Naheed, I purchased a foreclosed home for $270,000 in June 2009 in Palatine. My new tax bill came in and was up nearly 80% (the previous owners did not have a seniors exemption and never appealed the taxes). The accessed value of the property is $450,000. I have heard that the accessor will not necessarily adjust my accessed value to $270,000 if an appeal is filed. Is that true? If so why not?
That’s true, the assessor won’t necessarily reduce your assessed value to your purchase price. There can be many reasons for this, but one of them is that assessors sometimes take into account that your property was foreclosed and you likely got the property for far less than it’s worth. Also, even if your assessed value was lowered, that does not necessarily mean that your tax bill will go down, because the tax rates might have gone up.

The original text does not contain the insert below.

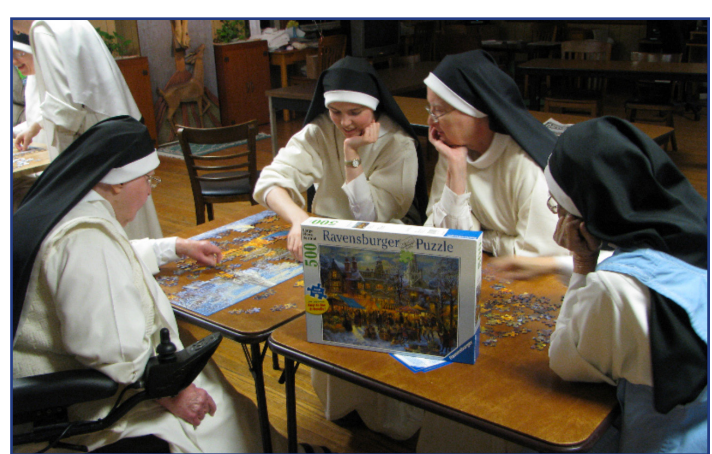
Dominican Nuns of Summit, NJ working on a puzzle together.

Answer the following questions while looking at the photographs:

Hi Naheed. The second installment of my property tax bill for 2008 was nearly 3x the first installment (2007’s homeowners exemption was $900, but 2008 is only $276). I purchased the unit new in May of 2009, so this is for time I did not own or occupy the unit (and we did not account for this much of an increase in the pro-rated taxes that were part of my closing).

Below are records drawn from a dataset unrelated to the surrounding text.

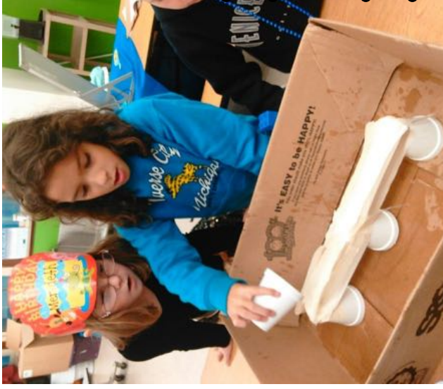
Pics for Kids
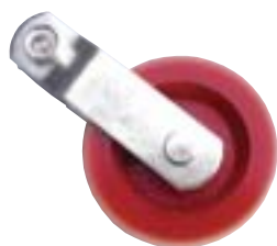
3 1/2" CAST IRON
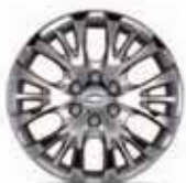
22" 12-Spoke Split-Aluminum Alloy Wheel 17

PERSONALIZE YOUR TAHOE AT CHEVY.COM/ACCESSORIES

Are my hands tied, or do I have any options with the county here? Are my taxes really increasing 3x the amount they were for 2005, 2006, and 2007 due to the 7% cap going away? (The increase from 2007 to the 2009 estimate is almost 136%!)
Hi Laura,
You could check and see if you had any kind of reproration agreement with the developer. Other than that, if you’ve already been billed, then it’s probably too late for an appeal of the 2008 taxes. You can appeal the taxes going forward, but if you live in a condominium, your association will have to appeal as a whole.
Naheed
Hi Naheed,
We purchased our home in Schaumburg in May 2009 and at this time the first installment of the 2008 taxes was paid. The second installment bill was more than twice the amount of the first one. It was paid out of our mortgage escrow account. It was a foreclosed home and there was no homeowners exemption applied for 2008. The first installment for the 2009 taxes was also paid this March and it is based on the taxes for 2008. Of course we came up with a huge escrow account shortage. Do we have the right for any amount of homeowners exemption for 2009 since we moved in in June 2009? I am not sure, but I think that the home was not occupied as of Jan 1, 2009. Also, at closing, the taxes for 2008 were calculated for around $4300 and we end up paying more than $6400. Are we responsible for that difference having in mind that we did not own the home in 2008? Thank you so much.

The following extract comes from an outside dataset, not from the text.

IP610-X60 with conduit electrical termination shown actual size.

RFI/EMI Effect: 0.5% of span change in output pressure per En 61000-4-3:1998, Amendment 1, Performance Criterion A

If you moved in June of 2009 and the home was foreclosed and vacant at the start of 2009, then the first time you can claim the homeowner’s exemption is for the 2010 tax year.
Since the home was foreclosed, most likely you received a tax credit based on the 2007 taxes (which was the last full year tax bill available at that time). Assuming you received a tax credit based on 100% of the 2007 taxes, and that no reproration agreement was signed, you would be liable for the entire 2008 tax amount. FYI most banks only provide 100% tax proration credits, and they do not enter into reproration agreements.
Thank you so much for your response.